■ **Work to complete**
Below are the records; copy exactly the stretch from the line containing "그룹 프리티지가 31일" through the line containing "Lily Wei Floral", both ends included, and nothing else.

■ **Material provided**
+===+

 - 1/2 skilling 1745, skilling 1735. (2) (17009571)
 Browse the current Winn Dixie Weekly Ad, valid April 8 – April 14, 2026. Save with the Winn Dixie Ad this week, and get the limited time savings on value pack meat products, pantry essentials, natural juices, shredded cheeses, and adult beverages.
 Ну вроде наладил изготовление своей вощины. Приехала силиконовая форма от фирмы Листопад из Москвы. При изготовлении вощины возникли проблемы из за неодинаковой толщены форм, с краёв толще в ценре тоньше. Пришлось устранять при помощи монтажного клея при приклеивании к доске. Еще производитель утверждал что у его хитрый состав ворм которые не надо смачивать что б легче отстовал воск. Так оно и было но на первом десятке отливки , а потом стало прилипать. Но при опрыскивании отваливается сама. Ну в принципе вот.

+===+

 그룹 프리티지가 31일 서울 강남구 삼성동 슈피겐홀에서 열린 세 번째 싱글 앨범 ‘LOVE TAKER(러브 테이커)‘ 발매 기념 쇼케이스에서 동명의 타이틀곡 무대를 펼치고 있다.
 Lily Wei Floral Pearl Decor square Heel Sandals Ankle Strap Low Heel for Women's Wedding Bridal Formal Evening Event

+===+

■ **Solution to this task**
 그룹 프리티지가 31일 서울 강남구 삼성동 슈피겐홀에서 열린 세 번째 싱글 앨범 ‘LOVE TAKER(러브 테이커)‘ 발매 기념 쇼케이스에서 동명의 타이틀곡 무대를 펼치고 있다.
 Lily Wei Floral Pearl Decor square Heel Sandals Ankle Strap Low Heel for Women's Wedding Bridal Formal Evening Event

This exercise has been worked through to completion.